The WAN domain is the wide network where all entities including other businesses, websites, and all external users exist in. By using WAN, end users communicate with the LAN using virtual private networking (VPN), FTP, or Secure Shell (SSH). In this domain, propping the LAN-to-WAN will mitigate any risk comes from WAN. Using firewalls as mentioned before as well as conducting constant penetration tests are very important to ensure that the domain is secured.

6.   Remote access domain

The Remote access domain where employees gain access to an organization’s IT infrastructure remotely (e.g., from home). Remote access poses risks to an organization’s IT. A virtual private network (VPN) is used to provide a secure remote access connection across the Internet. VPN uses encryption and authentication to ensure confidentiality, integrity, and privacy of communications through the network. VPN creates an encrypted communication tunnel over a public network such as the Internet. It is important that users be authenticated before accessing the network through 2FA (Two-Factor Authentication). Robust procedures need to be created for remote access such as conducting regular audits, monitoring logins attempts, and using strict firewall ACLs.

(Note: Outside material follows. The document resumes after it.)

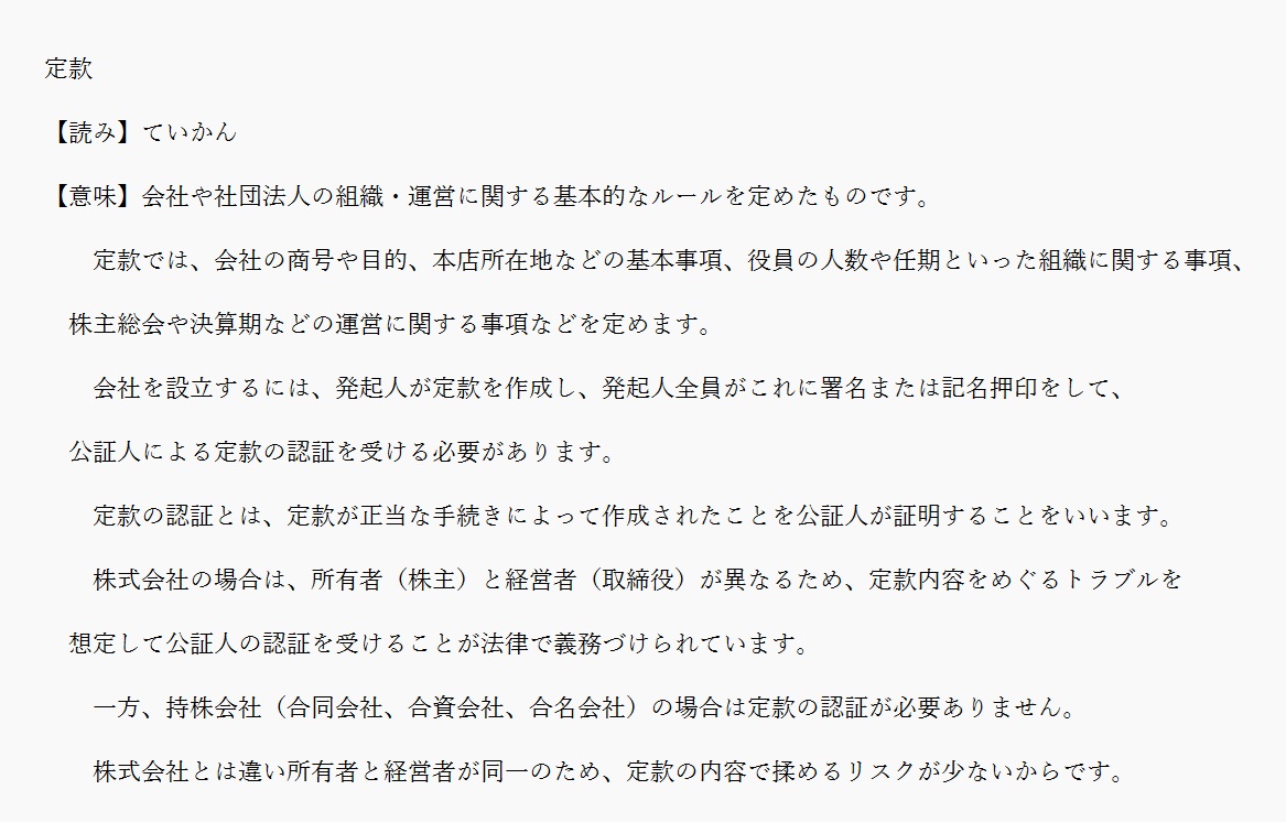 定款 | 会社の基本ルールを定めたもの | 解説 |

7.   System and application domains

The System and application domain includes all system and software applications that users access such as application servers, Web servers, proprietary software, and applications. Database servers host data that is accessed by users, applications, or other servers. Therefore, the use of a data loss prevention system is very important to monitor when and where copies of such files are written, by whom or by what process. It is important to maintain these systems and software by regularly patching them, and installing antimalware/antivirus software to stop infections downloaded through email or from a compromised website. Finally, user training and awareness are essential to ensure that they recognize phishing and social engineering schemes to prevent hackers from penetrating the network through them.

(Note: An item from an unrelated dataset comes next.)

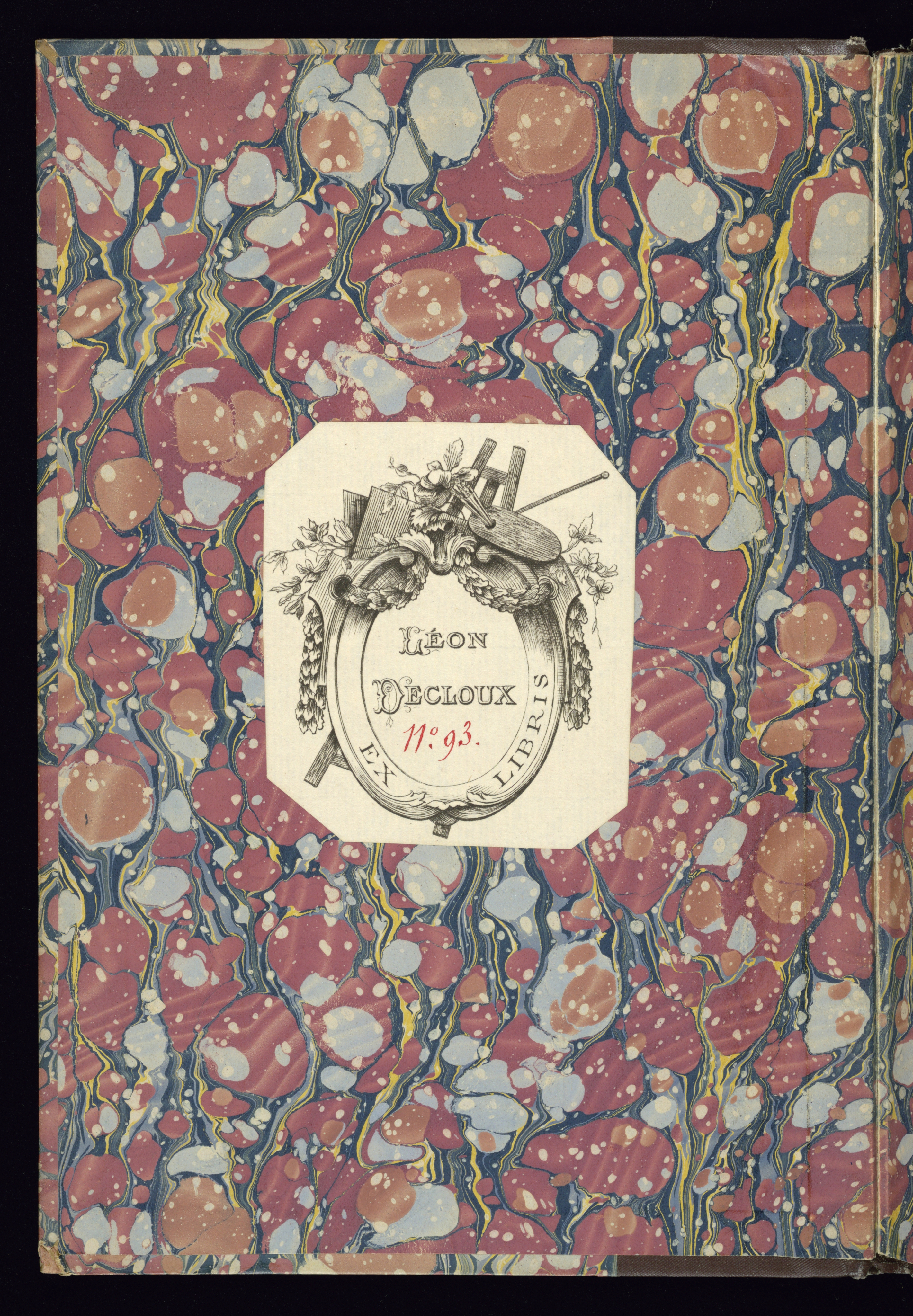 Léon Decloux ex-libris pasted onto center of upper cover pastedown.

Securing these seven domains is the starting point to address cyberthreats in any company. Regular risk assessments should be conducted to identify risks and threats faced by the company, and effective security measures should be taken to reduce, neutralize and eliminate the identified threats. Establishing an IT security program that encompasses administrative, physical, and technical measures and controls is crucial to ensure that the company IT infrastructure is protected. The Company’s employees should receive constant awareness and training sessions to educate them with the security threats including social engineering attacks. Finally, auditing and penetration testing need to be regularly conducted to identify problems proactively and address them.